Sunday 20 February 2011

Beware of a politician with a ‘mission.’

It’s that man again, David Cameron I mean, some time Prime Minister and full time evangelist for the ‘big society.’

This week he’s been out and about banging the drum for his pet project telling anyone who would listen and a lot of people who didn’t want to listen that the ‘big society is here to stay’, because it is his .mission in politics. It’s what I want us as a country to build and I’m going to fight for it every day.’

He told the press on Monday that he wanted the story of his government not just to be about ‘an economic recovery;’ fat chance of that Dave given soaring inflation levels and 2.5 million people out of work. He wanted, he said eyes alight with messianic fervour it to be a story about ‘social recovery too’, because as he has told we anyone who dares to doubt him before ‘our society is broken and we need to fix it- and the big society will help us to do that.’

Can NOBODY make this man see sense? Didn’t he even the smallest twinge of doubt when Dame Elizabeth Hoodless with forty years experience with the organisation Community Service Volunteers walked away from the project because she felt it to be fuzzy and lacking in direction?

Seemingly not, if there is a still small voice at the back of Citizen Dave’s mind telling him what he’s saying might just be nonsense it is pretty much drowned out by the bellowing of his ego.

I’d like to have been able to take our esteemed leader to the meeting attended by community campaigners from across my home town I went to one night last week, he might have learnt much that was useful from what they had to say about the ‘big society’ and its ever more deranged contradictions.

I wish he could have heard them talk about the funding on which their groups depend being cut to the bone by the same government that talks breezily about the voluntary sector stepping in to replace public services that are about to be cut.

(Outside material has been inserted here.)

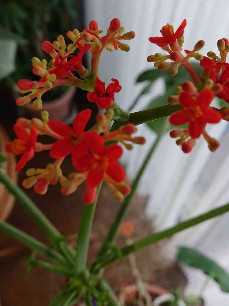 外は真冬日…珊瑚さん沢山花を咲かせてくれてます。背が高いのでてっぺんのお花から下を写して見ましたが…したの方にも花が咲いてます。このはなの塊雌花がいっぱいついてたので受粉してみました。種できたらいいけど😅出来たらまた報告します。

These aren’t wealthy people, most have made significant sacrifices for the good of their community; they’re good Samaritans and any society deserving of the name should applaud and support them, not trip them up as they cross the road to help those less fortunate than themselves.

I’d like David Cameron to have heard what they had to say, but I doubt very much that he would have listened. He shows every sign of being that most dangerous of things, a politician with a ‘mission’, but little or no idea how the other half live.

Nobody could make a realistic case for continuing with the bureaucratic, top down method by which New Labour dealt with local communities, civil servants based in London are notoriously unable to understand or respond to the needs of people in the wider country, but Cameron’s ‘big society’ is a disaster built on foundations of pure nonsense.

A few communities, notably those inhabited by the sort of people Dave and Sam Cam have round to dinner might benefit from the big society because they have the skills and the confidence to take over services threatened with closure. Poorer people living in communities will not be so lucky, they will find themselves at the mercy of the sort of ‘charity’ that predated the welfare state, handed out in an arbitrary fashion by authorities dedicated to keeping people firmly in their place.

I have always supported giving disadvantaged people greater agency in transforming their communities, after all they often know best what is needed to do so, but the ‘big society’ will not deliver on this. It is a dangerously misconceived project led by a vain man; it should be stopped before it does serious harm.